When President Obama and Chinese President Hu Jintao meet in Washington on Jan. 19, they should recognize that generally when a new big power rises, war ensues.
The 20th century narrates a bloody tale of the rise and fall of empires. Luckily, 20th-century-type wars are unlikely to occur in the 21st. But there are many other types of conflict that could be just as devastating.
There was a time when it was assumed that things could be different. In 2005, the leading Chinese intellectual and reformer Zheng Bijian coined the term "China's peaceful rise." There was an underlying assumption among international policymakers and thought leaders that globalization had transformed the paradigm: Geopolitics is zero-sum, the new age of global economic interdependence is win-win. Unfortunately, that has never been true.

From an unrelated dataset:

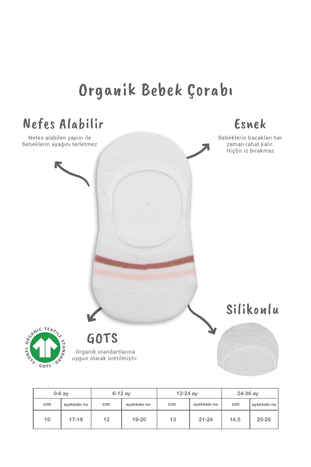 • Bistyle 2'li Penye Babet Silikon Çemberli Çorap 30102 Pudra Beyaz

As the financial crisis of 2008-09 has shaken the confident foundations of a new global economic order and caused considerable havoc, relations between China and the United States have deteriorated simultaneously. On virtually any issue one can think of - trade, finance, investment, intellectual property rights, security, morality, human rights - we are seeing what has been termed "escalating reciprocal demonization." This combination of economic havoc - especially stubbornly high unemployment - and geopolitical tensions between the rising and the established powers is cause for alarm.
There are mechanisms in place for confidence building - notably the U.S.-China Strategic and Economic Dialogue. However, while there can be no doubt that Winston Churchill's dictum that "jaw-jaw is better than war-war," there was a lot of jaw-jaw in the past that did not prevent war-war from breaking out.
While warlike conflict between the United States and China (in whatever form) is not inevitable, it is better to assume that it may well be possible rather than bask in the complacent illusion that it is impossible. This perspective also focuses the mind on how to prevent the conflict. The most secure means to prevent U.S.-China conflict is to strengthen and upgrade the international rule of law and multilateral institutions. International criminal tribunals, the World Trade Organization (WTO) and the U.N.'s human rights and labor organizations are all possibilities for reinforcement.
That, however, is not the current situation: Along with the deteriorating global economy and the escalating Sino-American tension, the international rule of law and the multilateral institutions have either been outright flouted - as was the case when America invaded Iraq - or have been wallowing in paralysis - as is the case with the WTO Doha Round and with the U.N. Framework Convention on Climate Change. The Group of 20 summits have somewhat attenuated matters, though they still remain mainly talking shops that do not have powers of enforcement.
The weakness of the international institutions and international law necessarily result in a growing number of areas that remain outside the boundaries of law. These, in turn, are leading to further deterioration in U.S.-China relations and are further escalating reciprocal demonization.
As Chinese President Hu is due to visit Washington, U.S. Secretary of Defense Robert M. Gates visited Beijing amid reports that China is constructing its first aircraft carrier and a stealth-fighter prototype. There are worrying signs of the outbreak of an arms race in the Pacific.
Likewise, China's recent move to cut export quotas on vital rare-earth minerals is also a cause for concern and may lead the United States to launch its second trade dispute against Chinese export restrictions.
We are not so naive to believe that strengthening the international rule of law and multilateral institutions is in any way a guarantee against conflict. Yet we do see that this is where lie the greatest chances for long-term peaceful relations between the United States and China. These institutions that, in spite of their many imperfections, have served the world well in the past 60 years were set up after World War II. It seems definitely worthwhile to try strengthening and enhancing them and the rule of law before the breakout of another global cataclysm. There also are, no doubt, reforms and adjustments that need to be made. The revision of International Money Fund quotas is a small yet positive step in the right direction. More reform and more adjustments are necessary.
Because the most probable and imminent escalation of conflict between the United States and China is in trade and the possible outbreak of protectionism, we are convinced that the first major step toward strengthening the global legal and institutional framework would be the successful conclusion of the WTO Doha Round. If Presidents Obama and Hu could commit to concluding, along with the other G-20 members, the Doha Round at the latest by November 2011 (when the round will reach its 10th anniversary) the world would be a more lawful, hence safer, place, and the prospect of a U.S.-China conflict would have diminished.
Jean-Pierre Lehmann is professor of international political economy at the International Institute for Management Development and the founding director of the Evian Group at IMD. He is co-editor of "Peace and Prosperity Through World Trade" (Cambridge University Press, 2010). Arthur Appleton is a partner in the international law firm Appleton Luft.